WHAT THE EXERCISE ASKS:
Set down the whole listing below exactly. The pictures stay out.

RECORDS FOR THIS EXERCISE:
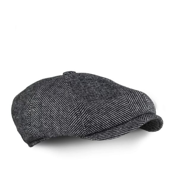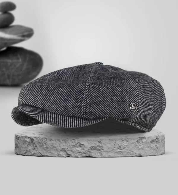 Gri Siyah Çizgili Yünlü Kaşe Kışlık Kumaş Erkek Kasket Şapka (Terletmez Dikişli Saten Astar)
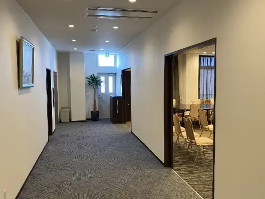 北館一般葬ホールは葬儀業界では有名なデザイナーにより設計されたコンクリート打ちっぱなしの外観です。広々とした式場をご利用いただけます。また、南館は家族葬用のプライベートホールもございます。人数が確定できなくても柔軟に対応できる家族葬専用スペースです。バリアフリーで年配の方もお子様も安心して過ごせます
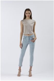 Top corto smanicato tipo sottogiacca realizzato in jersey con lurex.
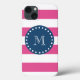 Shock rosa Rand Mönster, marinblått monogram
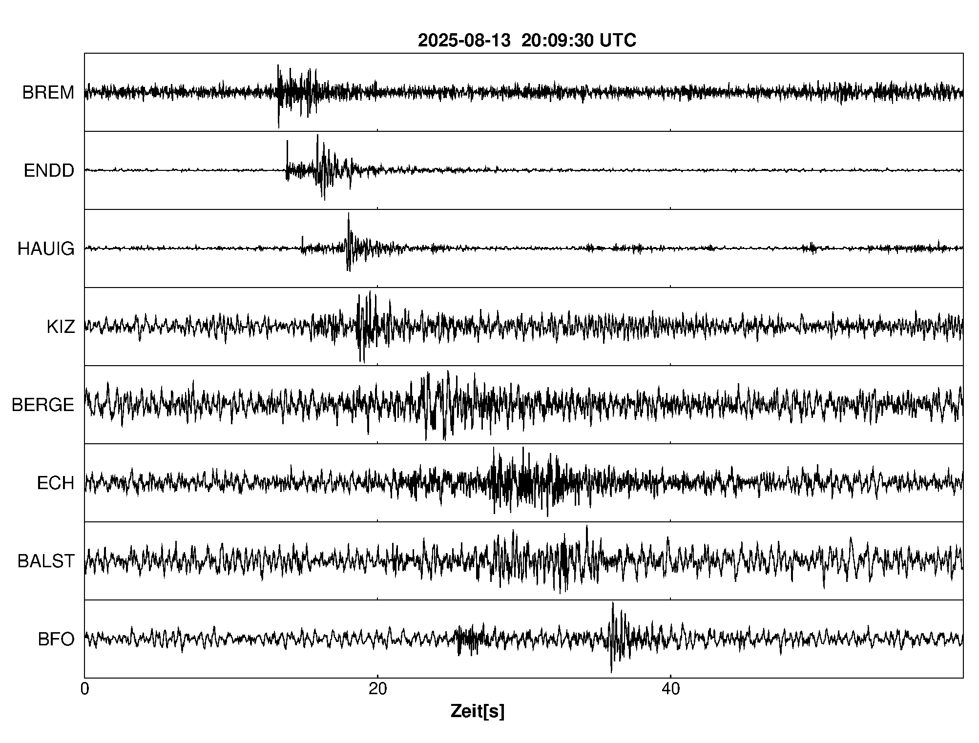 Pfadnavigation Startseite Geologischer Dienst Erdbeben Aktuelle Erdbeben Erdbeben bei Müllheim, Lkrs. Breisgau-H., BW Teilen Erdbeben bei Müllheim, Lkrs. Breisgau-H., BW Erdbeben bei: Müllheim, Lkrs. Breisgau-H., BW Datum/Uhrzeit: am 13.08.2025 um 22:09 Uhr Ortszeit (MESZ) Stärke: 0.2 (Magnitude auf der Richter-Skala) Epizentrum: 47.84° N ㅤ 7.65° E Herdtiefe: ca. 4 km unter der Erdoberfläche Bemerkung: sehr schwaches Erdbeben Seismogramme ausgewählter Erdbebenmessstationen: Erläuterungen: Datum/Uhrzeit:Datum und Zeit des Erdbebens in Ortszeit, also MEZ oder MESZ; Epizentrum:Punkt an der Erdoberfläche über dem Hypozentrum (Lage des Erdbebenherdes in der Tiefe); Magnitude:Erdbebenstärke auf der Richterskala (Lokalmagnitude ML); Herdtiefe:Tiefe des Erdbebens (Hypozentrums) in Kilometern unter NN. Seismogramme:Details zu den Erdbebenmessstationen finden sich im Kartenviewer des LGRB (Baden-Württemberg) und im Kartenviewer des LGB (Rheinland-Pfalz).

ANSWER SPACE:
 Gri Siyah Çizgili Yünlü Kaşe Kışlık Kumaş Erkek Kasket Şapka (Terletmez Dikişli Saten Astar)
 北館一般葬ホールは葬儀業界では有名なデザイナーにより設計されたコンクリート打ちっぱなしの外観です。広々とした式場をご利用いただけます。また、南館は家族葬用のプライベートホールもございます。人数が確定できなくても柔軟に対応できる家族葬専用スペースです。バリアフリーで年配の方もお子様も安心して過ごせます
 Top corto smanicato tipo sottogiacca realizzato in jersey con lurex.
 Shock rosa Rand Mönster, marinblått monogram
 Pfadnavigation Startseite Geologischer Dienst Erdbeben Aktuelle Erdbeben Erdbeben bei Müllheim, Lkrs. Breisgau-H., BW Teilen Erdbeben bei Müllheim, Lkrs. Breisgau-H., BW Erdbeben bei: Müllheim, Lkrs. Breisgau-H., BW Datum/Uhrzeit: am 13.08.2025 um 22:09 Uhr Ortszeit (MESZ) Stärke: 0.2 (Magnitude auf der Richter-Skala) Epizentrum: 47.84° N ㅤ 7.65° E Herdtiefe: ca. 4 km unter der Erdoberfläche Bemerkung: sehr schwaches Erdbeben Seismogramme ausgewählter Erdbebenmessstationen: Erläuterungen: Datum/Uhrzeit:Datum und Zeit des Erdbebens in Ortszeit, also MEZ oder MESZ; Epizentrum:Punkt an der Erdoberfläche über dem Hypozentrum (Lage des Erdbebenherdes in der Tiefe); Magnitude:Erdbebenstärke auf der Richterskala (Lokalmagnitude ML); Herdtiefe:Tiefe des Erdbebens (Hypozentrums) in Kilometern unter NN. Seismogramme:Details zu den Erdbebenmessstationen finden sich im Kartenviewer des LGRB (Baden-Württemberg) und im Kartenviewer des LGB (Rheinland-Pfalz).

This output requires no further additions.